--- Stored data ---

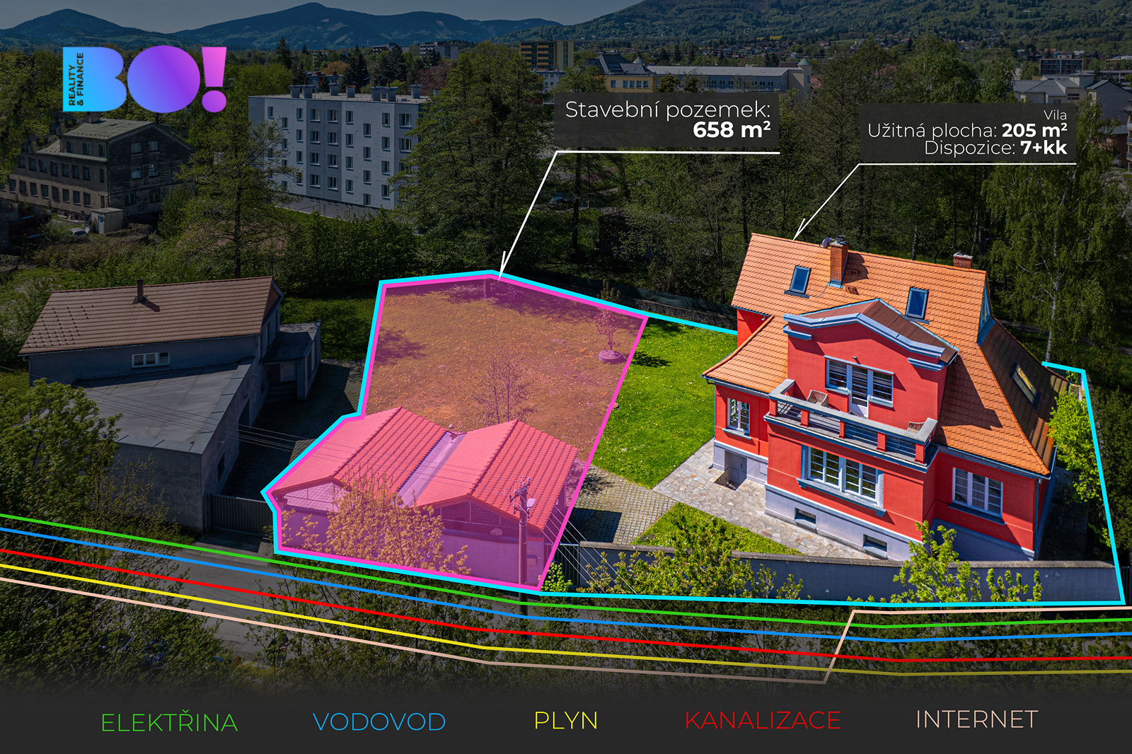 Nabízíme Vám k prodeji exkluzivní rodinný dům se stavebním pozemkem v srdci Frýdlantu nad Ostravicí na ulici Emila Pajurka. Dům se nachází v samém centru města a svou prostornou dispozicí 7+kk s užitnou plochou 205,38 m2 a se stavebním pozemkem nabízí velkorysé prostory pro pohodlné a klidné bydlení. Možné využití: - bydlení pro vícegenerační rodinu - sídlo firmy či podnikání spojené s bydlením - vybudování ordinací Dispoziční řešení prvního podlaží (104,26 m2): vstupní hala, samostatné wc, kouzelný otevřený prostor, kde se snoubí elegantní kuchyně s ostrůvkem, útulná jídelna a prostorný obývací pokoj s krbem - ideální místo pro společné chvíle s rodinou i přáteli. Ke komfortu přispívají dva světlé pokoje s koupelnou a odděleným WC. Tady se budete cítit opravdu jako doma! Druhé podlaží (101,12 m2): Vstupní hala vás zavede do světlého pokoje s nádhernou terasou, odkud si můžete vychutnat relaxaci a úchvatný výhled na Lysou horu. Dále se zde nachází ložnice se šatnou, koupelna s vanou a samostatné WC. K útulné atmosféře přispívá také prostorný a prosvětlený kout se vstupem do podkroví. Třetí podlaží: V podkrovním prostoru si můžete vytvořit klidnou ložnici, inspirativní pracovnu, dětskou zábavnou hernu nebo relaxační místnost, kde si vychutnáte chvíle odpočinku. Díky své variabilitě se podkroví snadno přizpůsobí vašim potřebám. Sklep o rozloze 87,30 m2 nabízí mimořádné možnosti využití. Je zde umístěna sauna, vana na ochlazení a prostor, který lze přeměnit například na domácí posilovnu, vinotéku nebo skladovací místnost. Sklepní prostory poskytují flexibilitu pro další úpravy podle přání nového majitele. Dům se nachází na pozemku o celkové rozloze 1349 m2 včetně stavebního pozemku. Plocha nabízí dostatek prostoru pro odpočinek i aktivní vyžití. Můžete si zde vytvořit krásnou zahradu, vybudovat venkovní posezení, užívat si chvíle pohody pod pergolou nebo si s dětmi hrát na čerstvém vzduchu. Pozemek zároveň poskytuje možnost vybudování bazénu či menšího hřiště, které ještě více podtrhne jedinečnou atmosféru tohoto místa. Je to ideální místo, kde si můžete vychutnat klidné prostředí, a přitom zůstat v dosahu všech služeb a občanské vybavenosti města. Díky této přidané hodnotě se jedná o velmi lukrativní nabídku, která nejen zvyšuje potenciál využití, ale také výrazně zhodnocuje celkovou hodnotu nemovitosti. Neváhejte a využijte tuto jedinečnou příležitost vlastnit tuto nemovitost v prestižní lokalitě centra města. BO! spolu tvoříme příběhy..
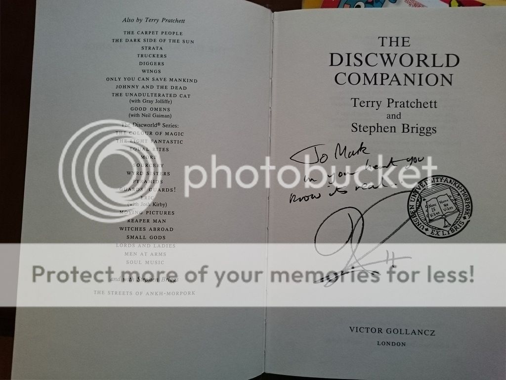 The queue was out the door of the bookshop and all the way down the high street. It was a miserable day, but all of us in the queue were in good spirits. I got to Sir Terry at his desk with an armful of books, not just the new one here was there promoting (The Last Continent), and timidly asked if he’d mind.
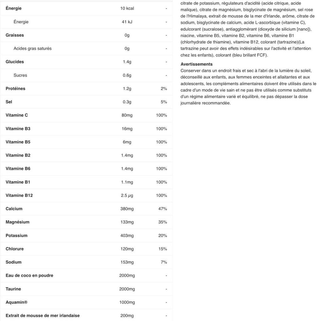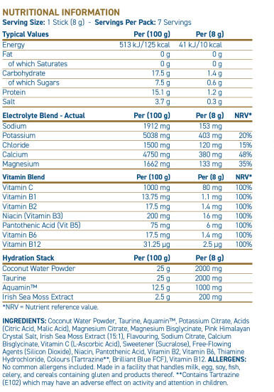 Applied Nutrition Hydration+ | Drink powder with declared nutritional information
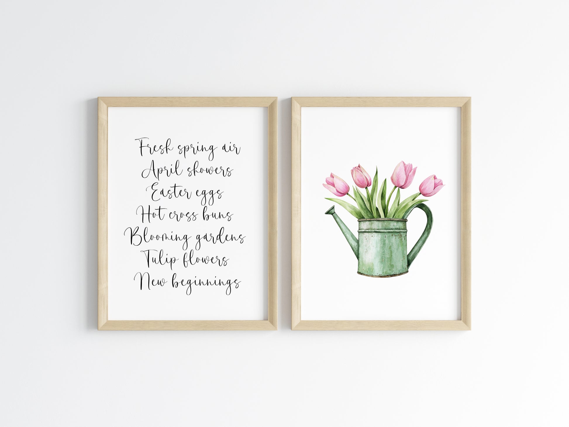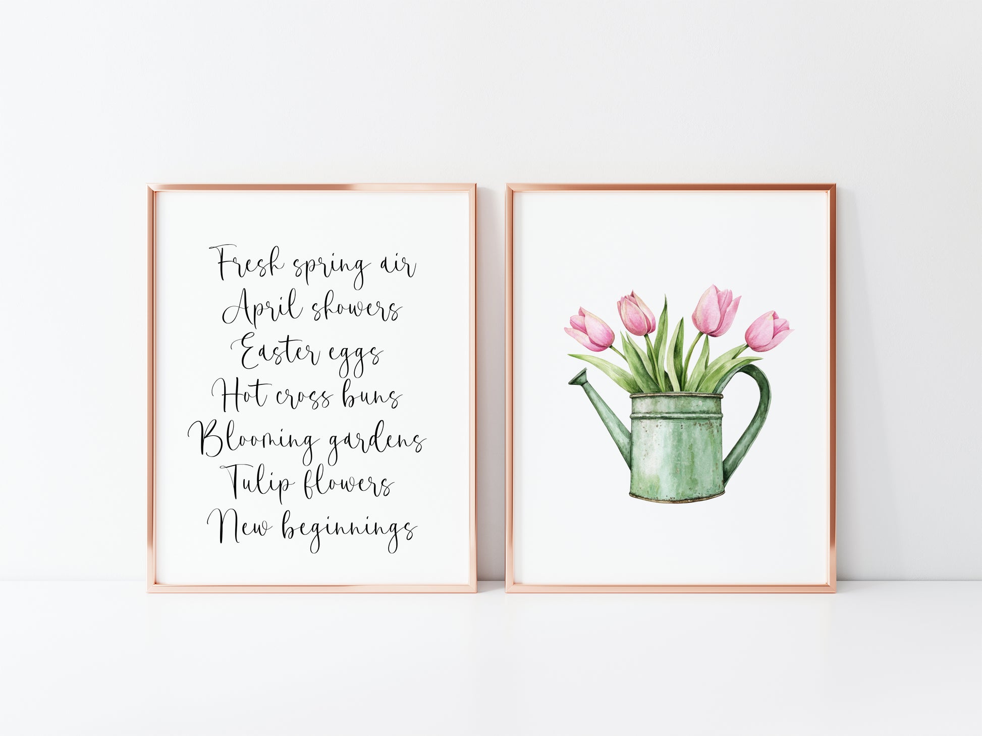 Set of 2 spring prints, spring favourites, description print and tulips gardening can seasonal unframed wall art poster prints, seasonal decor, spring wall art

---

▶ [Exercise aim] Copy the listing above exactly, minus the pictures.

▶ [Expected answer]
 Nabízíme Vám k prodeji exkluzivní rodinný dům se stavebním pozemkem v srdci Frýdlantu nad Ostravicí na ulici Emila Pajurka. Dům se nachází v samém centru města a svou prostornou dispozicí 7+kk s užitnou plochou 205,38 m2 a se stavebním pozemkem nabízí velkorysé prostory pro pohodlné a klidné bydlení. Možné využití: - bydlení pro vícegenerační rodinu - sídlo firmy či podnikání spojené s bydlením - vybudování ordinací Dispoziční řešení prvního podlaží (104,26 m2): vstupní hala, samostatné wc, kouzelný otevřený prostor, kde se snoubí elegantní kuchyně s ostrůvkem, útulná jídelna a prostorný obývací pokoj s krbem - ideální místo pro společné chvíle s rodinou i přáteli. Ke komfortu přispívají dva světlé pokoje s koupelnou a odděleným WC. Tady se budete cítit opravdu jako doma! Druhé podlaží (101,12 m2): Vstupní hala vás zavede do světlého pokoje s nádhernou terasou, odkud si můžete vychutnat relaxaci a úchvatný výhled na Lysou horu. Dále se zde nachází ložnice se šatnou, koupelna s vanou a samostatné WC. K útulné atmosféře přispívá také prostorný a prosvětlený kout se vstupem do podkroví. Třetí podlaží: V podkrovním prostoru si můžete vytvořit klidnou ložnici, inspirativní pracovnu, dětskou zábavnou hernu nebo relaxační místnost, kde si vychutnáte chvíle odpočinku. Díky své variabilitě se podkroví snadno přizpůsobí vašim potřebám. Sklep o rozloze 87,30 m2 nabízí mimořádné možnosti využití. Je zde umístěna sauna, vana na ochlazení a prostor, který lze přeměnit například na domácí posilovnu, vinotéku nebo skladovací místnost. Sklepní prostory poskytují flexibilitu pro další úpravy podle přání nového majitele. Dům se nachází na pozemku o celkové rozloze 1349 m2 včetně stavebního pozemku. Plocha nabízí dostatek prostoru pro odpočinek i aktivní vyžití. Můžete si zde vytvořit krásnou zahradu, vybudovat venkovní posezení, užívat si chvíle pohody pod pergolou nebo si s dětmi hrát na čerstvém vzduchu. Pozemek zároveň poskytuje možnost vybudování bazénu či menšího hřiště, které ještě více podtrhne jedinečnou atmosféru tohoto místa. Je to ideální místo, kde si můžete vychutnat klidné prostředí, a přitom zůstat v dosahu všech služeb a občanské vybavenosti města. Díky této přidané hodnotě se jedná o velmi lukrativní nabídku, která nejen zvyšuje potenciál využití, ale také výrazně zhodnocuje celkovou hodnotu nemovitosti. Neváhejte a využijte tuto jedinečnou příležitost vlastnit tuto nemovitost v prestižní lokalitě centra města. BO! spolu tvoříme příběhy..
 The queue was out the door of the bookshop and all the way down the high street. It was a miserable day, but all of us in the queue were in good spirits. I got to Sir Terry at his desk with an armful of books, not just the new one here was there promoting (The Last Continent), and timidly asked if he’d mind.
 Applied Nutrition Hydration+ | Drink powder with declared nutritional information
 Set of 2 spring prints, spring favourites, description print and tulips gardening can seasonal unframed wall art poster prints, seasonal decor, spring wall art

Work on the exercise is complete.